Anticipation and expectation at last has come to a head as I discover what will occur. Blood courses through my veins at a speed that is inconceivable. My equilibrium is off, I become light-headed with a certain and unmistakable anxiety. I am prepared but what frightens me is this dull and nagging pain that effects my right leg. Why did this happen? Did I push too hard? I am at a literal point of nausea. The meaning of the events to come cannot be described in these words that I write. It is a culmination of everything that I have dedicated to my own pursuit. And this pursuit was one that was never in the forefront of my mind. Because it never occurred to me just what this journey has allowed me to become. I am in my prime--yes, there is still a road before me--one of great distance. But I am ready; I was meant for this moment and it was meant for me. Is this yet another challenge of strength and will? Pain may overcome me--but I will fight through it with every fiber of my being. And the competition; how will I fare? I have confidence in not only my physical strength and technical abilities, but also my mental fortitude. Will I be racing against the clock or my performing peers of persistence? If it is the clock or the others, personal shame can be the only negative consequence. I must give myself entirely to the moment. And there will be more than moment, so I must search deep within myself each time, and find the necessary tools of toughness to aid in my success! But again, as I write, my conscious mind drifts back to my leg...it feels okay. But how will it feel tomorrow...the next day?
As the wearisome day rolls along in perpetual pain, I decide to change my way of thinking. Doing this actually causes a soothing remedy to my now insignificant injury. Insignificant you ask? Just moments ago I was whining about how this was going to be a huge hindrance to my success. Oh yes, that is what I thought, but my mind is stronger than that. I want this. I need this. I will devote what is needed in order to be triumphant in my endeavor. This experience--this moment means too much to me to worry about some small, seemingly inconsequential injury.
I will represent our cause - not only in our native region - but globally. Someday, what we do will be the standard. This has become so much more to me than becoming the best possible athlete I can be. My life, my perspective, have been so dramatically altered that I cannot even begin to remember how things used to be. Cultish? Brainwashed? On the absolute contrary my friends...for this life that I now lead is one of positive pride, lasting and sincere friends...and family.

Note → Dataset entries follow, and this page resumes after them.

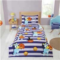 Its time to get spooky with this officially licensed Trick or Treat, Bluey Halloween themed single duvet set. The front side features Bluey on a striped ground surrounded by pumpkins, the other has Bingo dressed as a witch with bats & the word Boo. Set comprises of 1 duvet cover and 1 pillowcase. Blue and green. Size L200 x W135cm.Pillow case length 75cm, Width 50cm. Standard pillowcase (s). Reversible pillowcase (s). Reversible. Poppers for fastening. Machine washable at 30C. Suitable for tumble drying...
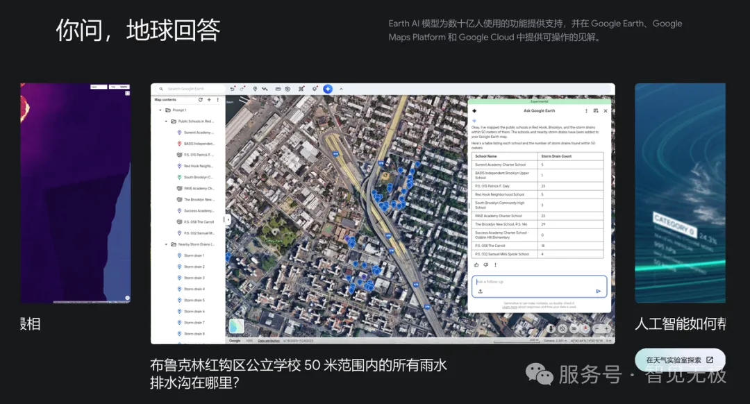 2025年10月23日,谷歌宣布升级“Google Earth AI”基础模型,将 卫星地图、气象模型、人口分布等多源地理数据 与 Gemini 大模型的推理能力相结合,用户只需提问,就能在几秒钟内得到标注、气象变化或灾害风险评估等数据结果,“一键查询”地球状态,观察森林,水体,农作物状态。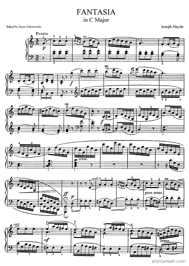 Classical piano sheet music by Haydn to download: Fantasia Hob. 17 No. 4 in the key of This piece has difficulty level 8 in the category Piece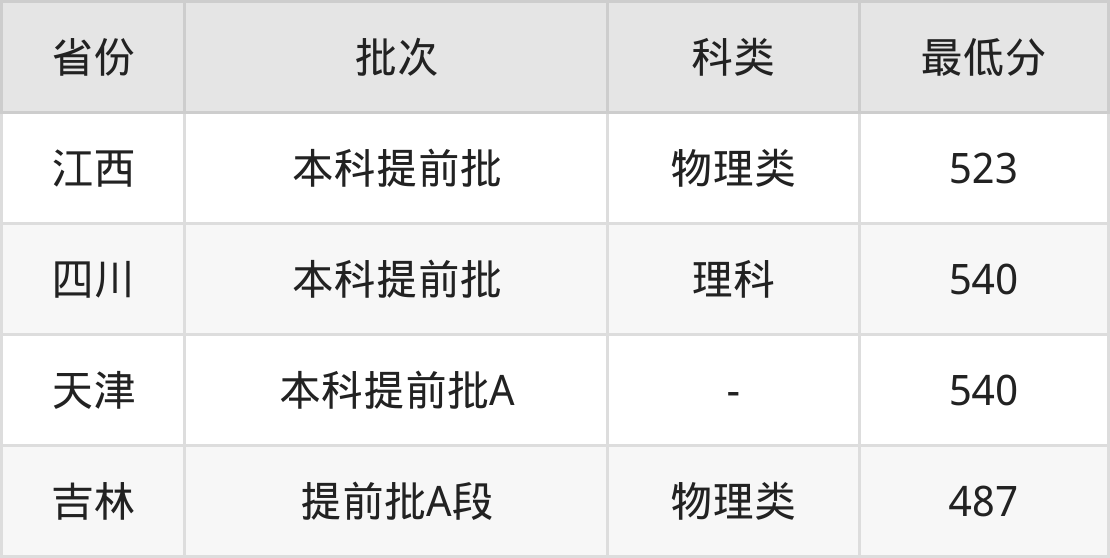 4、吉林省(提前批A段)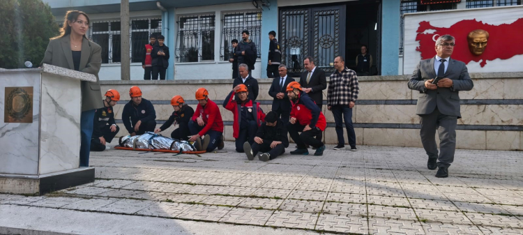 Afet Farkındalık Günü etkinlikleri kapsamında, 18 Kasım tarihinde geniş katılımlı deprem tatbikatı gerçekleştirildi. Tatbikata Bursa İl Millî Eğitim Müdür Yardımcısı Yunus Bulut ve Bursa İl Millî Eğitim Şube Müdürü Cevdet Ataoğlu da katıldı. Tatbikat öncesinde konuşma yapan İl Millî Eğitim Müdür Yardımcısı Yunus Bulut, Türkiye’de yaşanan büyük deprem felaketlerine dikkat çekerek afetlere karşı hazırlıklı olmanın hayati önemine vurgu yaptı. Eğitim camiasının afet bilinciyle hareket etmesi gerektiğini belirtti. Etkinliğe, İşyeri Sağlık ve Güvenlik Birimi Koordinatörü ile birim temsilcileri de iştirak etti. Tatbikat kapsamında öğrencilere deprem anında hayat üçgeni oluşturma, doğru tahliye yöntemleri ve ilk yardım prosedürleri gibi konularda teorik ve uygulamalı Deprem Hazırlık Eğitimi verildi.
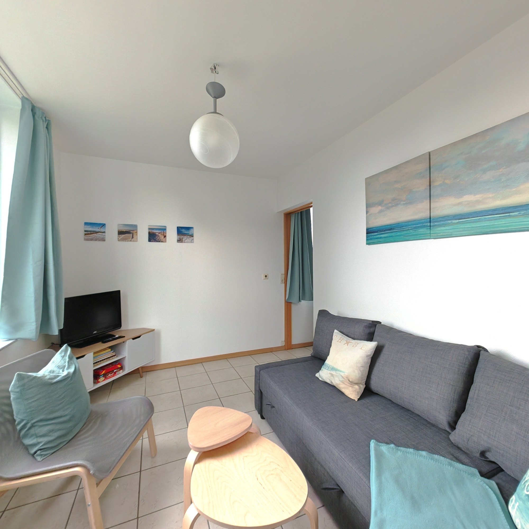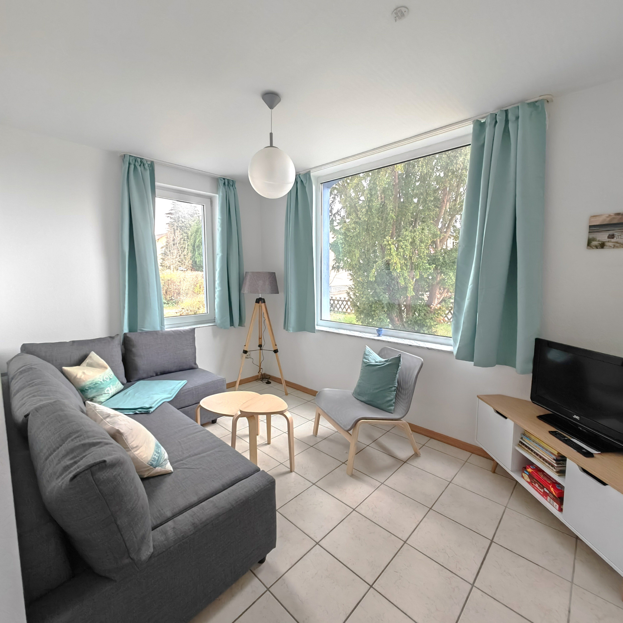 An das Schlafzimmer, abgetrennt durch eine Schiebetür, grenzt das behagliche Wohnzimmer. Die Couch verwandelt sich im Handumdrehen in eine Lümmelecke oder eine zusätzliche Schlafgelegenheit (ca. 130 x 190 cm)und lädt zum Kuscheln oder Schmökern in den bereitliegenden Büchern für Groß und Klein ein, und auch Gesellschaftsspiele sowie etwas Spielzeug sorgen für gemütliche Abende. Selbstverständlich steht Ihnen kostenfreies WLAN und ein Fernseher zur Verfügung.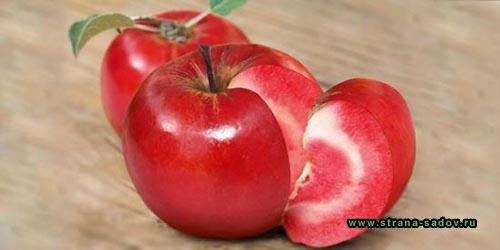 Любителей необычных сортов «Розовый жемчуг» покоряет буквально с первого взгляда на мякоть яблока. Она обладает выраженным розовым, иногда даже красным цветом с перламутровым жемчужным отливом, мелкозернистая и очень сочная. Вкус тоже не разочаровывает: сладкий, терпковатый, он содержит нотки грейпфрута и малины.
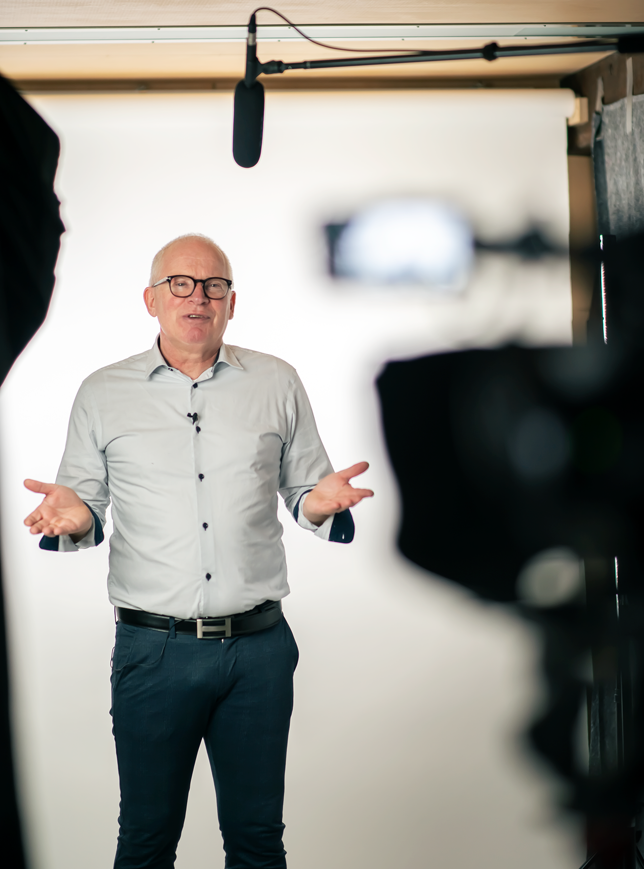 Fra et kamera perspektiv, valgte vi å bruke Sony FS7. Dette kameraet benyttet vi også som kilde til lyden (lyden ble tatt opp ved hjelp av mikrofon, koblet til kamera). Vi koblet kamera til en teleprompter (også kjent som autocue), slik at presentatør kunne lese manuset under filming. Dette er supert dersom man ønsker at presentatøren skal se inn i kamera.

What I accomplish in the brief haze of harrowing Hell, transcends into every facet of my life.
Because through these dreams, stems a reality so tangible it is as if I am practically living it already. The future may always be uncertain, but the visions that course through my conscious mind, are all but as true as the earth is round. For when I discover something sacred, I am compelled to grab on with such ferocity that I will die before I let go. As these words pour forth, so does my heart--but a dam surrounds it, restraining the flood. Do I allow this dam to be broken, or do I protect the helpless heart?
I allowed it.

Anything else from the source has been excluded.